▸ **Provided records**
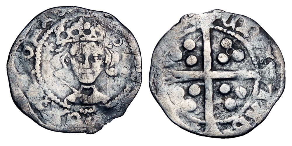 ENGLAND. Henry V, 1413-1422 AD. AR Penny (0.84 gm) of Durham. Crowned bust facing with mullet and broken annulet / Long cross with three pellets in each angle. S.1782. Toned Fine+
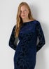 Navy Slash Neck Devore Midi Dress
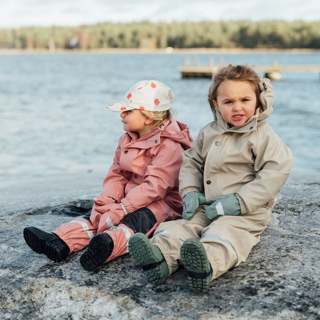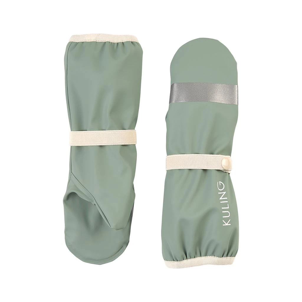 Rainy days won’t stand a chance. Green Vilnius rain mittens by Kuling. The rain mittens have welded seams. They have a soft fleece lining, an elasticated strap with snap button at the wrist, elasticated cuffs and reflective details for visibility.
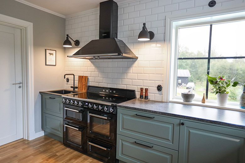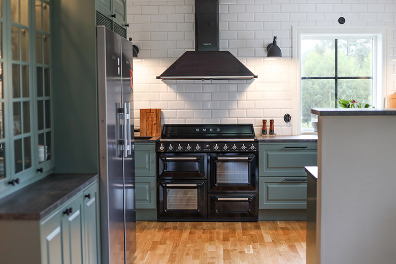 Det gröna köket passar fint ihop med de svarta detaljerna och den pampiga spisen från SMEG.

==

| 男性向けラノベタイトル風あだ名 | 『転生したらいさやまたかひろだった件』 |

▸ **Problem statement**
Please repeat, exactly as written, the lines in the records above, starting with the one that has "ENGLAND. Henry V, 1413-1422" and going on through the one that has "Det gröna köket". Pictures are to be left out.

▸ **Task solution**
 ENGLAND. Henry V, 1413-1422 AD. AR Penny (0.84 gm) of Durham. Crowned bust facing with mullet and broken annulet / Long cross with three pellets in each angle. S.1782. Toned Fine+
 Navy Slash Neck Devore Midi Dress
 Rainy days won’t stand a chance. Green Vilnius rain mittens by Kuling. The rain mittens have welded seams. They have a soft fleece lining, an elasticated strap with snap button at the wrist, elasticated cuffs and reflective details for visibility.
 Det gröna köket passar fint ihop med de svarta detaljerna och den pampiga spisen från SMEG.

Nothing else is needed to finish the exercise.